The Brazilian economy grew by just 0.2% during the first quarter of 2014 compared to the previous quarter, says the Brazilian Institute of Geography and Statistics. GDP (gross domestic product) growth for Q4 2013 was revised down to 0.4%, according to official statistics. Compared to Q1 2013, the economy expanded by 1.9%.
Brazil’s economy has not hit 3% growth since 2010, when it expanded by 7.5% in a rebound from the Great Recession. According to its central bank, GDP is forecast to grow by 1.6% this year and 1.9% in 2015.
A slowdown in China, Brazil’s top trading partner, has affected Q1 growth. Currency devaluations and economic woes in Argentina, Brazil’s third-largest trading partner, hit the automobile sector.
Brazil’s hydroelectric reservoirs have dried up due to a severe drought. The central bank reduced its GDP growth forecast by 0.5 percentage point after factoring in the risk of electricity rationing.
Agriculture, which grew by 3.6% and was the only bright spot in Q1, is unlikely to do well during the next quarter.
President Dilma Rousseff, who aims to be re-elected in October, says that the FIFA World Cup, which is taking place in Brazil in June/July, should help boost the economy. She has a lot riding on the tournament whose last match will be played just three months before the general elections.

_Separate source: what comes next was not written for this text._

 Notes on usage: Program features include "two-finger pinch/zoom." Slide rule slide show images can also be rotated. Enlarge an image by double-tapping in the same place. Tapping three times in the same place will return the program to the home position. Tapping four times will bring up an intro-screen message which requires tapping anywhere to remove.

Will soccer decide Rousseff’s fate?
Football (soccer) and Brazil’s national identity go hand in hand. The World Cup’s success or failure could determine her political destiny.
Despite government spending on infrastructure and sports facility projects leading up to the world’s most viewed sporting event, low business investment combined with high inflation are taking their toll.

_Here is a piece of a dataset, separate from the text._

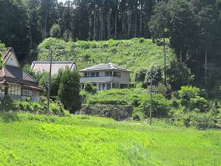 遠くからでも城塁がはっきりと見えており、尾根基部の堀切も見えている。ただし、そこまで登って行くルートが分からなかった。車を停められそうなところも近くにまったくない。

Business investment declined by 2.1% in Q1 2014, the largest fall in two years. Inflation in Latin America’s largest economy has stayed stubbornly at 6%.
In an effort to bring inflation down, the Banco Central do Brasil (Central Bank of Brazil) has kept its benchmark interest rate at 11%.
Protests against massive spending
Protests and strikes still abound across the country over how much the government has spent preparing for the World Cup. People say the $11 billion used up so far should have been destined for improving education, transport and health.
In 2013, millions of people demonstrated in the streets during the Confederations Cup, the prelude to the World Cup.
Despite being a nation of football lovers, currently 66% of Brazilians believe the tournament will do more harm than good.
Since 2007, when Brazil was selected to host the World Cup and Luiz Lula da Silva was president of a booming economy, the country’s mood has changed. The event was expected to prolong the economic miracle by leaving a legacy of new roads, subways, airports and other much-needed infrastructure improvements.
Rousseff still relatively popular
Despite losing virtually all the momentum that pushed the Brazilian economy forward during the last decade, forty percent of Brazilians in May said they would vote for Ms. Rousseff, three percentage points more than in April.
However, her opponents are gaining ground. Aécio Neves, the Social Democrat Senator who was recently backed by retired footballer Ronaldo, saw his support rise by six percentage points in May to 20%, while Eduardo Campos, a Socialist, registered a five-percentage point gain to 11%.
(Source: Instituto Brasileiro de Geografia e Estatística IBGE)
Growing pessimism in Brazil
According to The Conference Board and the Fundação Getulio Vargas (FGV), Brazilian pessimism is growing as its Leading Economic Index slipped -0.4% in April, after falling during the previous four months.
Pessimism is increasing across Brazil in services, industry and among consumers, the report informed.
Paulo Picchetti, an Economist at FGV/IBRE, said: “A more favorable external scenario helped stock prices and the trade balance in April, but this modest improvement wasn’t enough to overcome the increasing pessimism of entrepreneurs from the industrial and services sectors, and of consumers facing inflationary pressure.”
“Overall, the LEI continues to suggest that Brazil’s bleak economic situation is unlikely to improve in the upcoming months.”